# Problème partage de connexion Mac - iPad



## TKinslayer (24 Juin 2012)

Bonjour,


    J'ai un petit souci et je requiert votre aide.

    J'ai un iPad 3 et un Mac Book Air. J'ai internet sur mon Mac Book Air et je souhaitais partager cette connexion avec mon iPad. J'ai suivi la procédure pour en faire un hotspot wifi, et pendant quelques temps, cela à parfaitement fonctionné. 
    Seulement depuis 2 jours... et bien pour faire simple l'iPad refuse de se connecter.

    J'ai toujours internet, le partage par wifi se lance correctement en me créant un réseau ou internet est partagé (avec la petite flêche vers le haut) auquel mon iPad se connecte bien dessus. Mais quand je lance une page Safari sur l'iPad, il refuse de se connecter. 

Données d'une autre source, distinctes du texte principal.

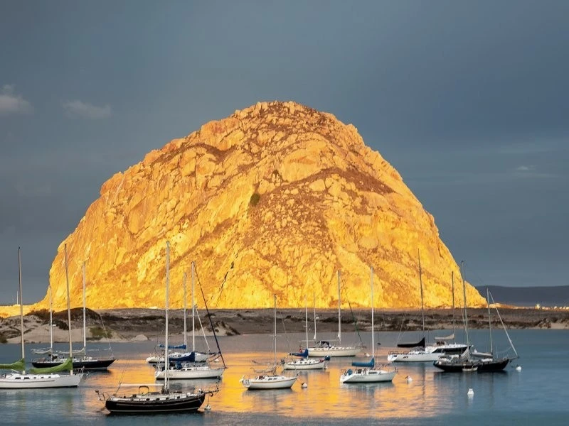 4. Остров Морро-Рок в Калифорнии на рассвете выглядит как гора золота
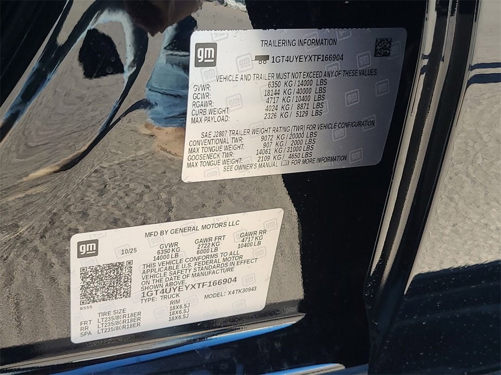 This 2026 GMC Sierra 3500HD Denali Ultimate in Black comes with the following features: Duramax 6.6L V8 Turbodiesel 10-Speed Automatic 4WD 10-Speed Automatic, 4WD, and Alpine Leather Technology Package (Auto-Dimming Inside Rearview Mirror with Camera and Multicolor 15 Diagonal Head-Up Display), 10-Speed Automatic, 4WD, Alpine Leather, 12 Speakers, 120-Volt Bed Mounted Power Outlet, 120-Volt Instrument Panel Power Outlet, 16-Way Power Driver Seat Adjuster with Lumbar, 16-Way Power Passenger Seat Adjuster with Lumbar, 2 Charge-Only Rear USB Ports, 2 Charge/Data USB Ports Inside Center Console, 2 USB Ports, 2-Speed Active Transfer Case, 220 Amp Alternator, 3.42 Rear Axle Ratio, 4-Wheel Disc Brakes, ABS brakes, Air Conditioning, Alloy wheels, AM/FM radio: SiriusXM with 360L, Auto High-beam Headlights, Auto-dimming door mirrors, Auto-dimming Rear-View mirror, Automatic Emergency Braking, Automatic temperature control, Bed View Camera with Two Trailer Camera Provisions, Block heater, Bose Premium Series 12-Speaker System, Brake assist, Buckle to Drive, Bumpers: body-color, Compass, Deep-Tinted Glass, Delay-off headlights, Driver door bin, Driver Memory, Driver vanity mirror, Dual front impact airbags, Dual front side impact airbags, Dual Heavy-Duty 70 Amp-Hour Battery, Electric Rear-Window Defogger, Electronic Stability Control, Emergency communication system: OnStar Services capable, Exterior Parking Camera Rear, Floor-Mounted Center Console, Following Distance Indicator, Forward Collision Alert, Front anti-roll bar, Front Bucket Seats, Front Center Armrest, Front dual zone A/C, Front fog lights, Front Pedestrian Braking, Front Rain-Sensing Wipers, Front reading lights, Front wheel independent suspension, Full Grain Leather Seat Trim, Fully automatic headlights, Garage door transmitter, Genuine wood dashboard insert, Genuine wood door panel insert, GMC Premium 13.4 Diagonal Information Display, HD Surround Vision, Heads-Up Display, Heated 2nd Row Outboard Seats, Heated door mirrors, Heated Driver and Front Outboard Passenger Seats, Heated front seats, Heated rear seats, Heated steering wheel, Hitch Guidance with Hitch View, Illuminated entry, in-Vehicle Trailering App, IntelliBeam Automatic High Beam on/Off, Keyless Open and Start, Lane Departure Warning System, Leather steering wheel, LED Cargo Area Lighting, LED Smoked Amber Roof Marker Lamps, Low tire pressure warning, Manual Tilt-Wheel/Telescoping Steering Column, Memory seat, Occupant sensing airbag, Outside temperature display, Overhead airbag, Overhead console, Panic alarm, Passenger door bin, Passenger vanity mirror, Pickup Bed, Power door mirrors, Power driver seat, Power Front Windows with Passenger Express Up/Down, Power moonroof, Power passenger seat, Power Sliding Rear Window with Defogger, Power steering, Power Sunroof, Power windows, Premium audio system: Premium GMC Infotainment System, ProGrade Trailering System, Push Button Start, Radio: AM/FM Stereo with Premium GMC Infotainment System, Rain sensing wipers, Rear Cross Traffic Alert, Rear reading lights, Rear seat center armrest, Rear step bumper, Rear window defroster, Remote keyless entry, Remote Vehicle Starter System, Safety Alert Seat, Security system, Signature Denali Ultimate Grille in Vader Chrome, SiriusXM with 360L Trial Subscription, Speed control, Speed-sensing steering, Split folding rear seat, Spray-on Pickup Bedliner with GMC Logo, Steering Wheel Audio Controls, Steering wheel mounted audio controls, Tachometer, Telescoping steering wheel, Tilt steering wheel, Traction control, Trailer Camera Provisions, Trailer Side Blind Zone Alert, Trailer Tire Pressure Monitor Sensors, Trip computer, Turn signal indicator mirrors, Ultrasonic Front and Rear Park Assist, Unauthorized Entry Theft-Deterrent System, Universal Home Remote, Variably intermittent wipers, Ventilated Driver and Front Passenger Seats, Ventilated front seats, Voltmeter, Wireles Price include
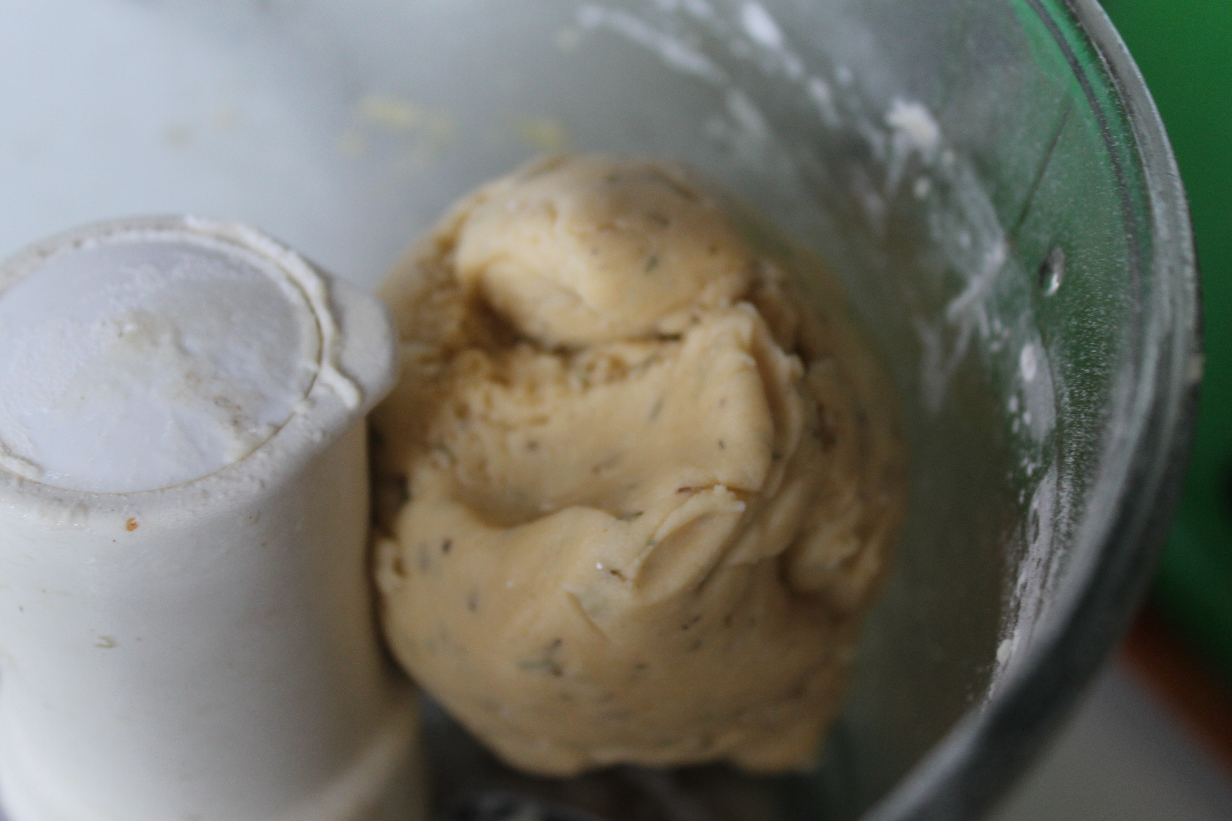 Þá bætti ég við einu eggi og lét vélina ganga þar til deigið hnoðaðist í kúlu. Ef það gerist ekki er það of þurrt og þá má bæta við svolitlu vatni. Ef það er hins vegar of blautt til að hægt sé að fletja það út má bæta við dálitlu hveiti.
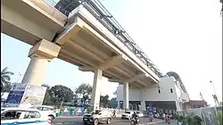 Nalban Metro Station is an elevated metro station and has a total of 3 levels.[46][47] Station entrances and exits begin or end at the first level or ground level.[48][49] Second-level or L1 or intermediate level houses station fare control, station agents, metro vending machines, crossovers, etc.[50] The third level or L2 or the final level houses the platforms and rail tracks. The station is 200 meters long and 25 meters wide.[16][32][51][17]
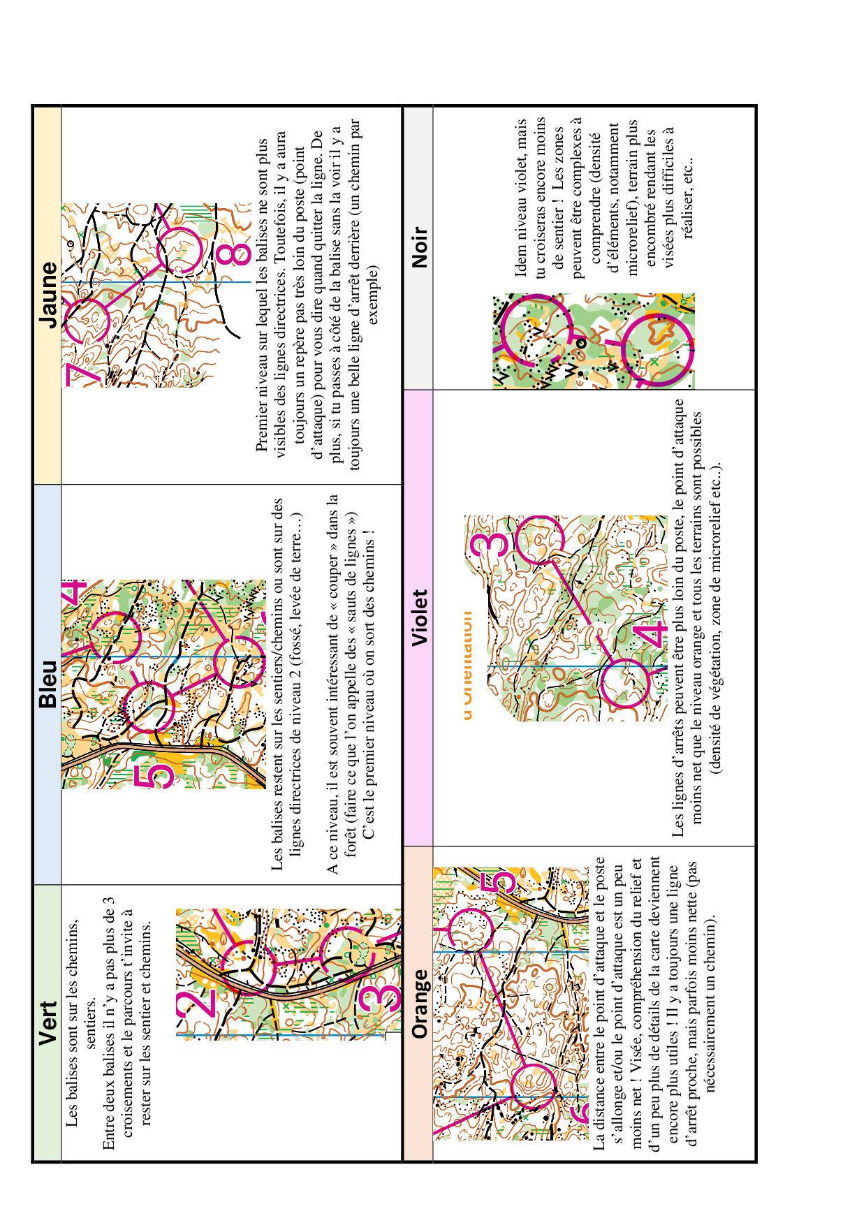 Lors des courses vous ne choisirez pas le format (c'est l'organisateur qui propose!) mais par contre vous choisissez la couleur! En france, tous les circuits ont un niveau de difficulté qui respecte la méthode fédérale. N'hésitez pas à demander conseil, mais pour vous aider à comprendre en voici un bref résumé :
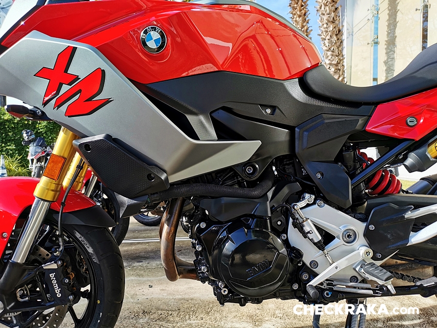 - F 900 R Sport เพิ่มโช๊คอัพไฟฟ้า โช๊คหน้าสีทอง ระบบเบรก ABS Pro ราคา 520,000 บาท สำหรับสี Hockenheim SilverMetallic / Racing Red (Sport Style) (รวมภาษีมูลค่าเพิ่ม)
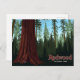 Dramatic vintage-style travel poster illustration highlighting the immense scale of a giant redwood tree, with a tiny human figure at its base, surrounded by the dense redwood forest canopy. Captures the awe-inspiring experience of Redwood National Park, California. Ideal for nature lovers, tree enthusiasts, California travelers, and collectors of retro park artwork.

     J'ai Mac Os Lion 10.7.3 et la dernier ROM pour iOS.

     J'ai eu beau chercher, je suis même régulièrement tombé sur des fils de forum traitant de ce sujet mais uniquement pour des versions plus anciennes de Mac OS et d'iOS. De plus, tous les "problèmes" résolus l'était avec Windows.

     Merci de votre aide.


----------



## shawtwenty (6 Juillet 2012)

Bonjour, 

J'ai rencontré le même problème à deux reprises. J'ai d'abord essayé de partager ma connexion depuis une clé 3G via Wi-Fi avec mon MacBook Pro (Mid-2009, 10.7.2) et maintenant avec une connexion Ethernet, mais rien n'y fait. 
Je tiens à préciser qu'avec le MacBook Air de ma copine, le partage à partir de la clé 3G fonctionnait parfaitement. 

Je reçois les mails sur mon iPhone et les notifications push des applications tierces, mais impossible de me connecter à partir de ces dernières (facebook, twitter, foursquare, etc.), ni d'utiliser safari. 

FileVault ainsi que mon firewall sont tous deux OFF.. Je n'arrive pas à identifier d'où vient le problème. 

Quelqu'un a-t-il trouvé une solution ? 

D'avance, merci.


----------